There are some plants that prefer growing in soil that's slightly acidic (pH 5 – 6.5). They are often referred to as acid loving plants and include azaleas, camellias, rhododendrons and blueberries.
If your soil pH is above 7.5, then you'll need to lower it (make it more acidic). An effective way to lower soil pH is to apply Yates Soil Acidifier Liquid Sulfur, which contains elemental sulfur (S). For best results, apply every 4 weeks until the desired pH is achieved. Take care not to overapply – this won't make the process faster and it can lead to issues with sulfur toxicity, plus cause the pH to drop too low.
There are also some plants that tolerate growing in soil that is alkaline (pH 7.5 – 8.5), including Buddleja, Lavender, Rosemary and Pride of Madeira (Echium candicans).

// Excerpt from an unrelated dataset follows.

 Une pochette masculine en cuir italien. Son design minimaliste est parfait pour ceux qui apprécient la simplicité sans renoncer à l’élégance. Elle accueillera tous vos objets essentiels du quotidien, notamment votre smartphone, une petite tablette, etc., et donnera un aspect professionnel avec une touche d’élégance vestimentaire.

Healthy soil allows moisture to penetrate down to the root zone where it's needed. Sometimes soil can develop a water-repellent (hydrophobic) layer on the surface; water pools on the surface and isn't absorbed. Water-repellent soil or potting mix can be improved by using a wetting agent like Yates Waterwise Water Storage Crystals.

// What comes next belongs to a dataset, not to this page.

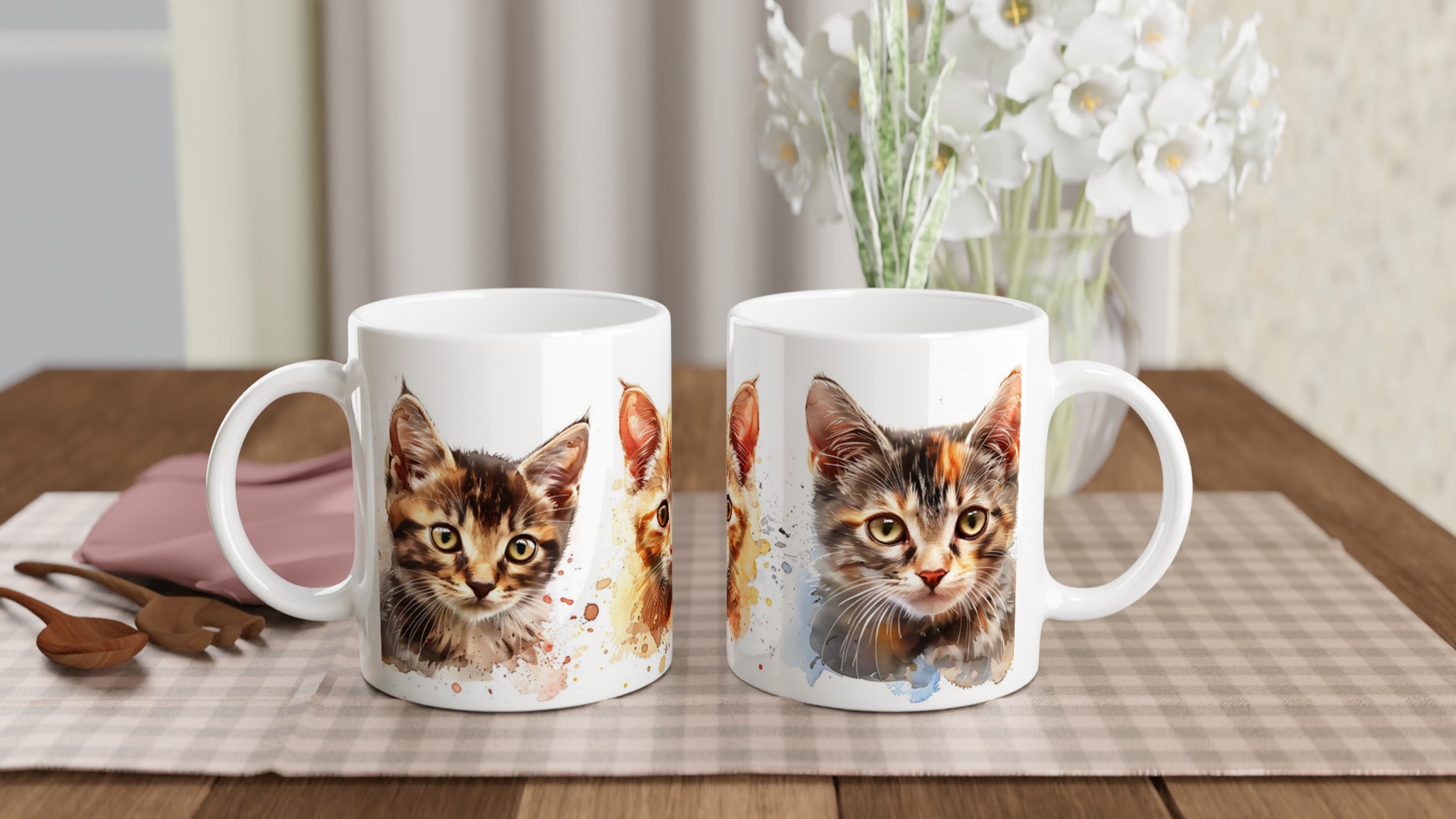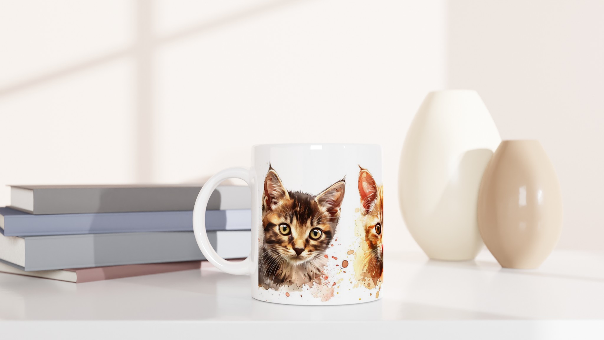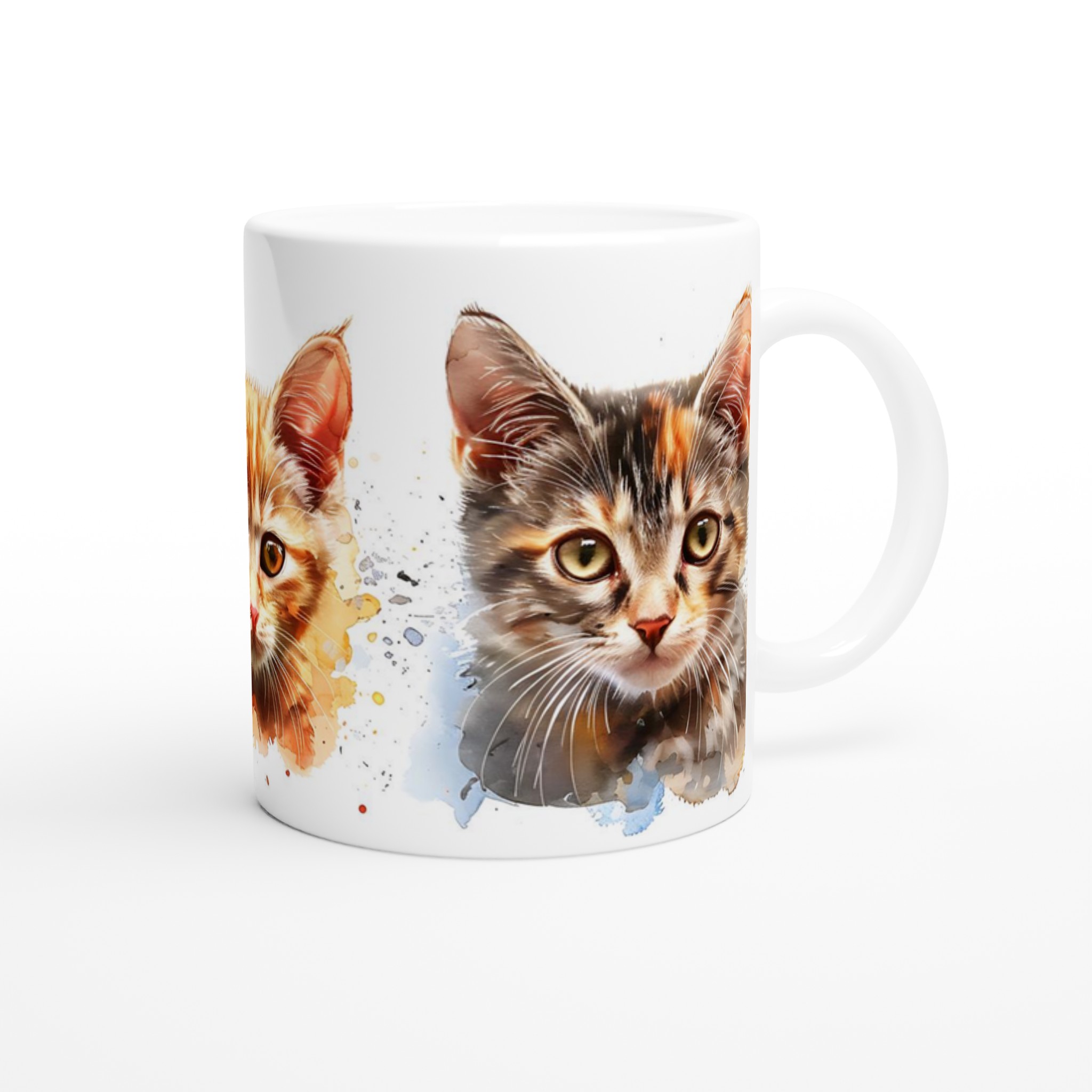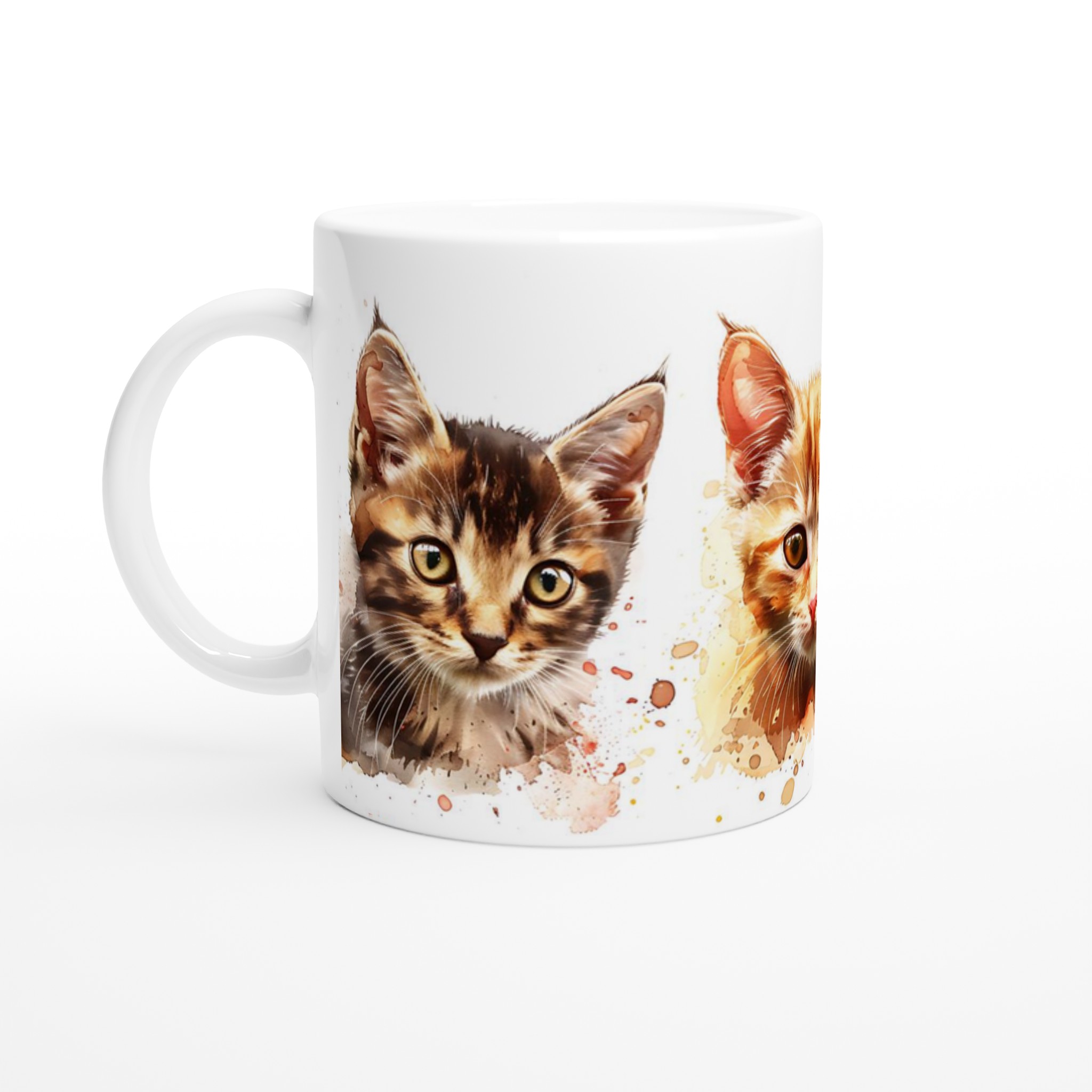 Låt dessa bedårande akvarellkattungar förgylla din dag! Den här stilrena keramiska muggen, prydd med charmerande akvarellporträtt av små katter, blir snabbt en vardagsfavorit. Perfekt för morgonkaffet, kvällens varma choklad eller när du bara vill njuta av en kopp te i sällskap av söta kattansikten. Den blanka ytan framhäver trycken med klara och levande färger, som håller sig fina även efter många turer i mikron och diskmaskinen.

Most plants do best when the soil is well-drained. Too much moisture can lead to plant roots rotting. Heavy clay soils are more likely to have poor drainage than lighter sandy soils. In addition to adding rich sources of organic matter, like Yates Dynamic Lifter, to the soil, there are additional steps to help improve drainage. Raised beds, filled with free-draining good quality soil, can elevate plant roots above poorly drained soil. Raised mounds of good quality soil can also be created to plant trees and shrubs. More complex solutions include installing drainage channels or trenches, to help move water out of the soil.
Using organic mulch, such as bark chips, sugarcane or pea straw, helps improve the soil. It reduces moisture loss, helps protect the top layer of soil from the elements and as the mulch breaks down, adds organic matter to the soil.
Use organic mulches around vegetable patches, flower beds and trees and shrubs. Reapply mulch as needed to maintain good soil coverage.
Organic gardening is a holistic approach to caring for plants and the backyard ecosystem. A key part of organic gardening is nurturing the soil. Together with making compost and using organic mulches, using Yates Dynamic Lifter Organic Plant Food is an ideal way for organic gardeners to improve the soil.
Yates Dynamic Lifter Organic Plant Food is also rich in organic nutrients, so it's an ideal way to feed plants.